I've done a factory reset.
This is a new unit to replace a previous tg3482 that burned out its wifi chip.
Ideas? A defective unit?
Support from Shaw is usually pretty good but on this topic? Nuh uh. An awful experience.
@sboston I haven't heard of any reports of port forwarding not working. Are you still accessing the settings through the modem UI? Did you swap the unit from a Technicolor CGM4141?
I'm using what I believe is the Blue Curve modem. A tall blue-gray cube, nicely decorative, with a single light on the lower right corner of the sloped top?
Yes.The admin site at 10.0.0.1. The Advanced menu/ Port Forwarding.
The settings show as active and are saved between admin sessions.
I've tried setting the IPv6 addresses of the forward target hosts but still not working. Firewall is off.
Do you know of anyway of testing from within the LAN? I had a friend attempt from their LAN while I tried different targets but that was a lot of bother for them.
> I had port forwarding working for SSH ...
It is possible that Shaw changed the "public" IP-address of your Shaw device.
So, when you try to SSH to the "former" IP-address, that IP-address could be unassigned, or it could be just "dropping" the SSH packets.
See: www.who.is to show the "public" IP-address of your Shaw device, after the phrase "Your IP address is ..." on that page.
Good suggestion but that's not the issue. I've discovered that I can connect via the standard ssh port but not via a custom port.
Ah ha. I can test via my phone. If I disconnect my phone from my wifi then I can get a SSH connect through the forward -- only through the standard SSH port though. I'll keep looking into it.
Thanks for the response.
> but not via a custom port.
What port-number, or range of port-numbers? I think that Shaw blocks 25/TCP "incoming" to every cable-modem.

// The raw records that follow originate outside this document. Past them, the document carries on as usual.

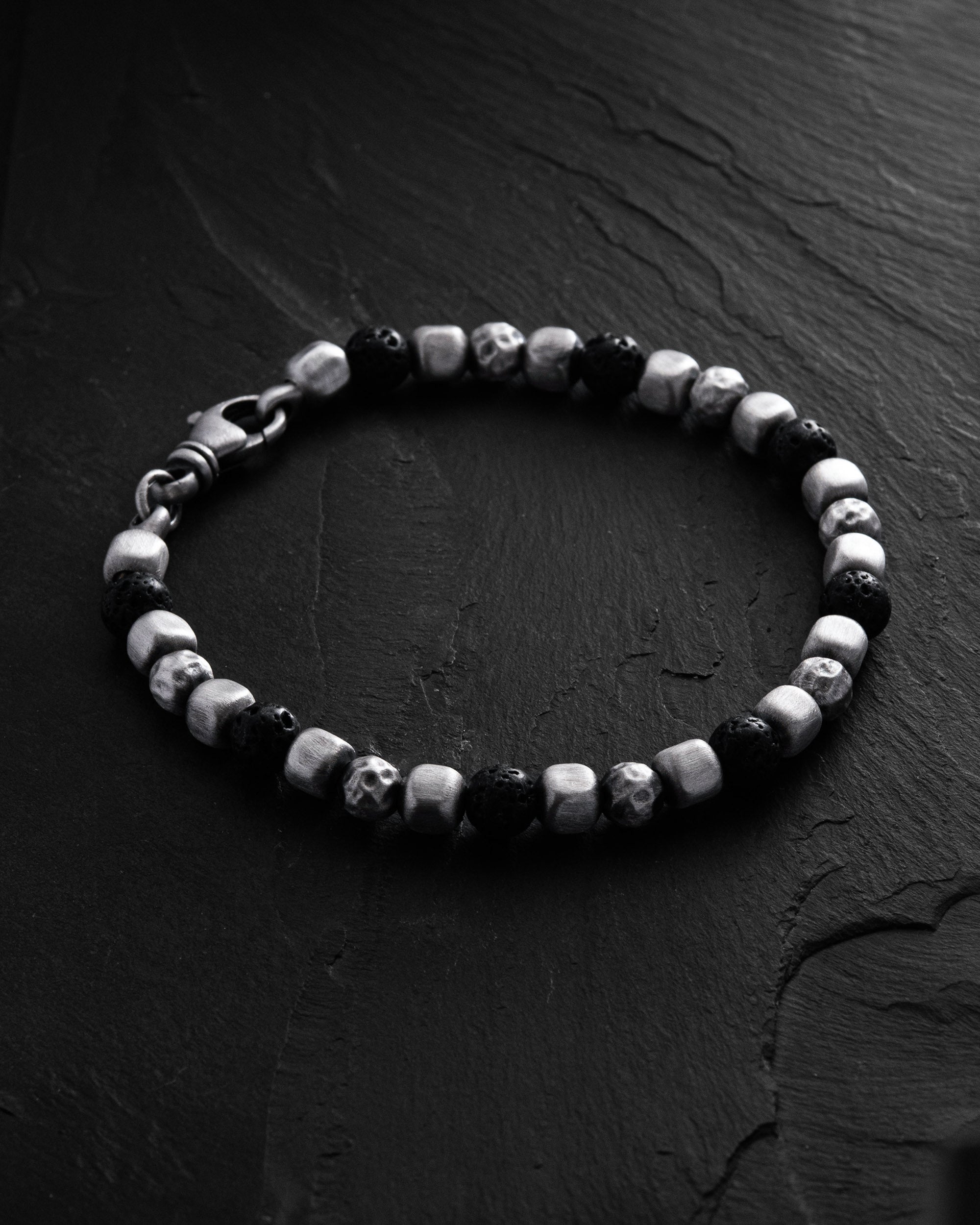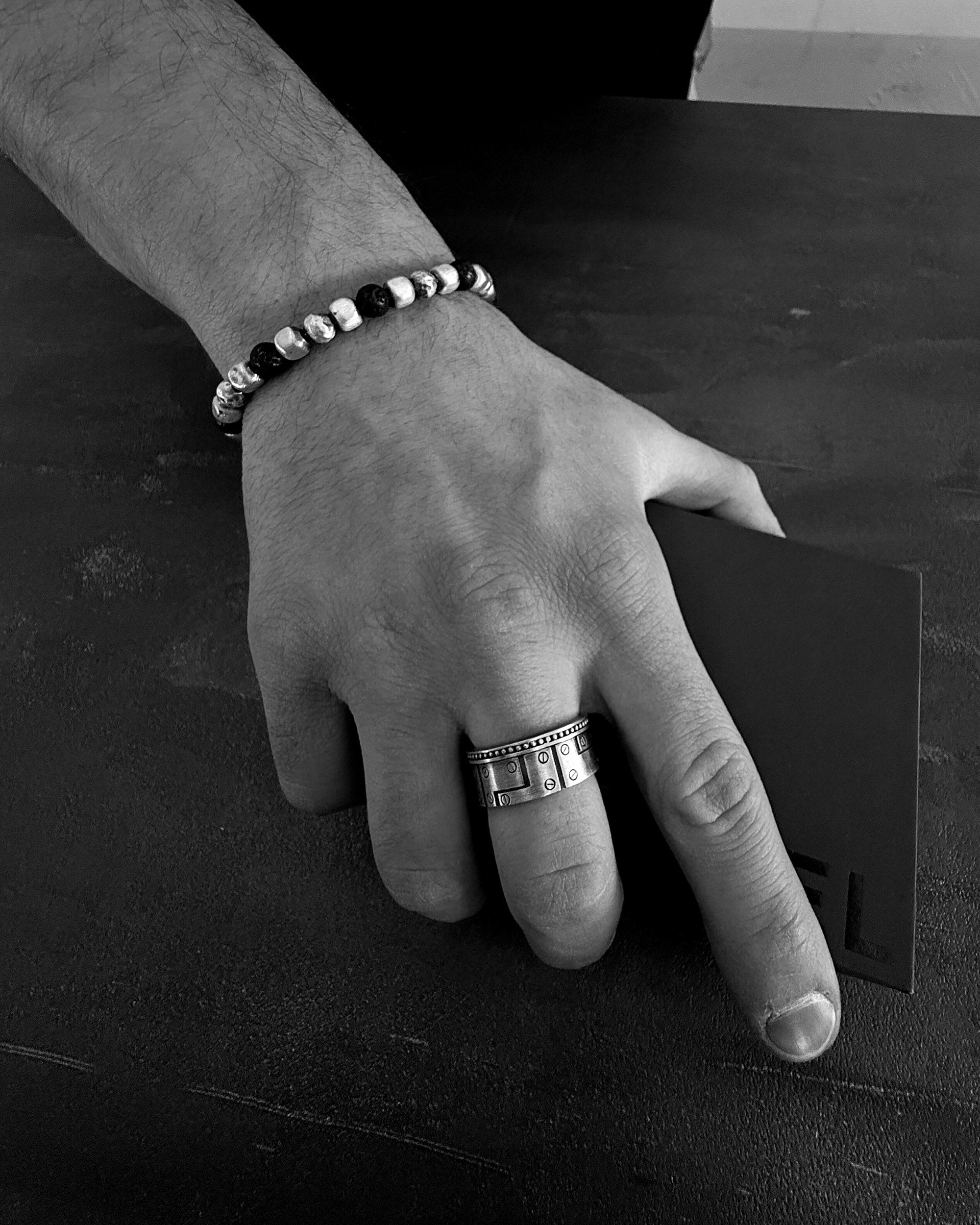 The silver bracelet CUBE. LAVA STONE is a fusion of geometric precision and elemental energy. The silver cubes symbolize structure, conscious choice, and inner order, while volcanic lava represents transformation, resilience, and strength forged in fire. The contrast in textures creates a balance between control and instinct.
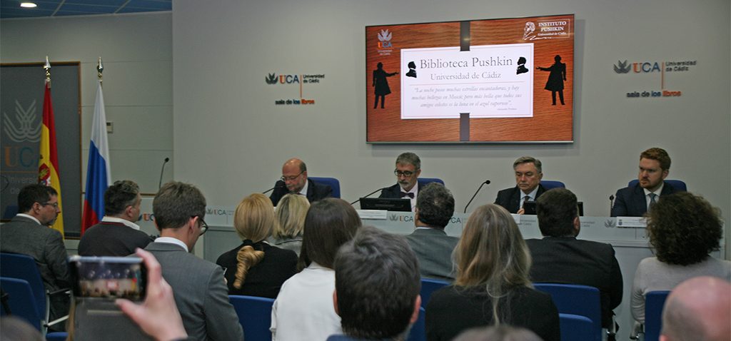 El rector de la Universidad de Cádiz, Francisco Piniella, en compañía del embajador de la Federación Rusa en España, Yuri P. Korchagin, han inaugurado, en el edificio Andrés Segovia y en compañía del vicerrector de Internacionalización de la UCA, Rafael Jiménez Castañeda, y del director del Centro Ruso de Ciencia y Cultura de Madrid, la primera biblioteca Pushkin en el ámbito hispano hablante del mundo, perteneciente al pionero centro nacional Instituto Pushkin ubicado en la Universidad de Cádiz, el equivalente ruso al Instituto Cervantes español. Dispone de más de 800 obras de recursos hispano-rusos al servicio de alumnado y comunidad universitaria.
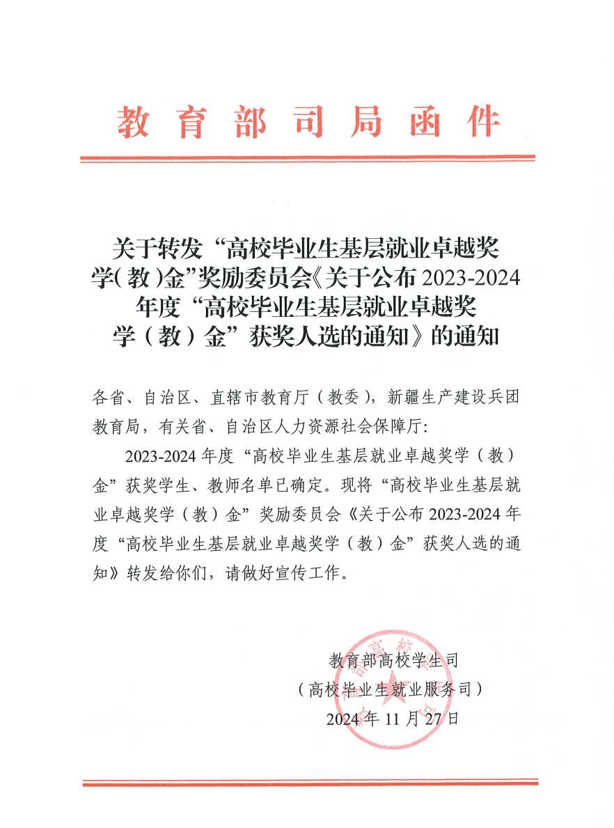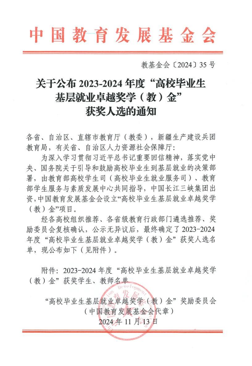 经各高校组织推荐、各省级教育行政部门遴选推荐、奖励委员会复核确认,公示无异议后,最终确定了2023-2024年度“高校毕业生基层就业卓越奖学(教)金”获奖人选名单。

Can you "allow" a range of ports to get "through" your Shaw device, and try each port, and then check the "firewall-log" on your computer that is running the SSH-server, to see if the Windows (Linux?) firewall is blocking-and-logging?
The port that's failing is 2423
There might be another wrinkle in that access is through key only on that machine. The one that is succeeding is on 22 and only password protected. So there are some more combinations to try.
The firewall doesn't seem to be at issue. Behavior is same with firewall off. I tried tinkering with the *router* firewall by setting it to 'custom'. Made no difference either.
> The port that's failing is 2423.
That is a "non-standard" port, i.e., not listed in "C:\Windows\System32\Drivers\etc\services" as being a port-number that Windows would expect to be active. So, that port-number should be "available" for your SSH-server.
Another possibility is that your computer has changed its IP-address, e.g., from "192.168.0.12" to "192.168.0.34", because the computer was powered-off for a while. When you rebooted it, it would issue a DHCP-request, and the DHCP-server "inside" the Shaw router would have responded with a different IP-address than before. So, your "port-forwarding" rule -- "forward incoming 2423/TCP to "192.168.0.12" -- needs to be updated to target "192.168.0.34".